Revenge for Nice People

Recently I was telling a friend about my school bully and I wished her a horrible life. “You don’t really mean that, do you?” my friend asked and yeah, he was right. I didn’t want her to be miserable her whole life just because she was a bit of a dick when she was 13. But that doesn’t take away from how much she hurt me all those years ago. So even though I’m a nice person and I don’t want her to die in a freak accident or anything dramatic like that, I do want her to suffer. Just a little bit. And so my friend and I came up with a list of revenges that nice people can wish for without corrupting their morality. Did I mention that we were drunk when we came up with this list?

I hope you have a boring job.

I hope the council forget to pick up your bins one week.

I hope you wait for an Amazon package and you’re home all day but you still got a “sorry we missed you” note.
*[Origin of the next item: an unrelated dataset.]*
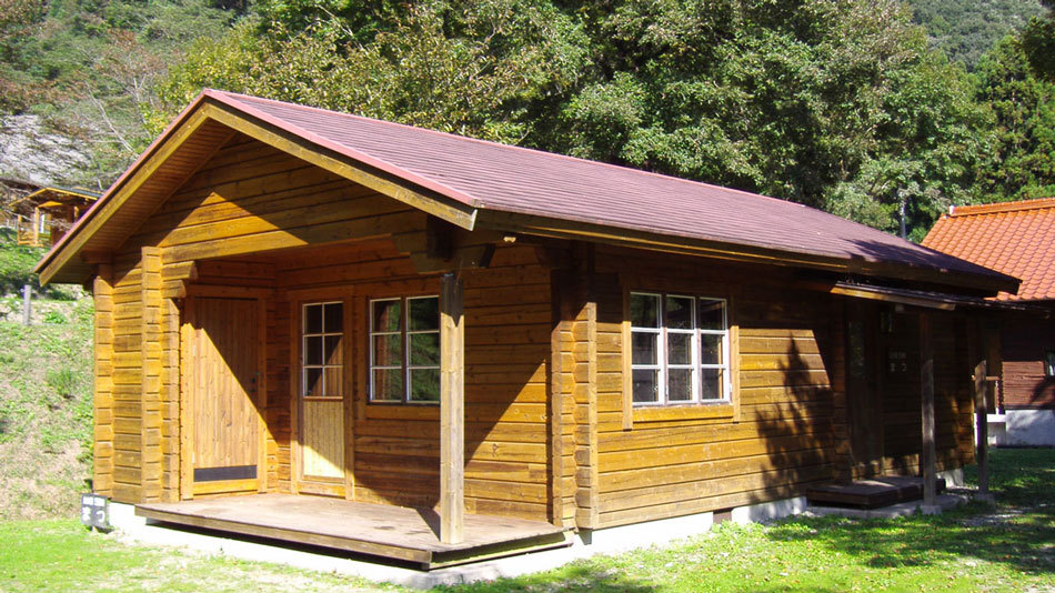 澄み切った空気に清流、深い緑と静寂に包まれた、自然豊かなキャンプ場内の山小屋。キッチン、シャワー完備
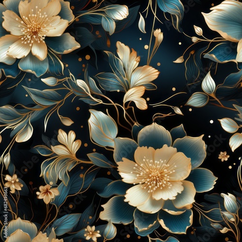 Seamless Vector Image of a Dark Floral Pattern with Golden Details

I hope you hate your boss.

I hope your fire alarm goes off in the middle of the night just once but enough to wake you.

I hope your housemate’s alarm goes off when they are already in the shower and you can hear it through the walls and it’s 45 minutes before you have to be up.

I hope your favourite shirt shrinks in the wash.

I hope you’re sat on the toilet and have finished your business when you realise that you’re out of toilet paper.

I hope you step on lego.

Congratulations! You can now feel the satisfaction of wishing revenge upon someone who hurt you but you can sleep at night knowing you are still a nice person overall.

Please come up with your own in the comments!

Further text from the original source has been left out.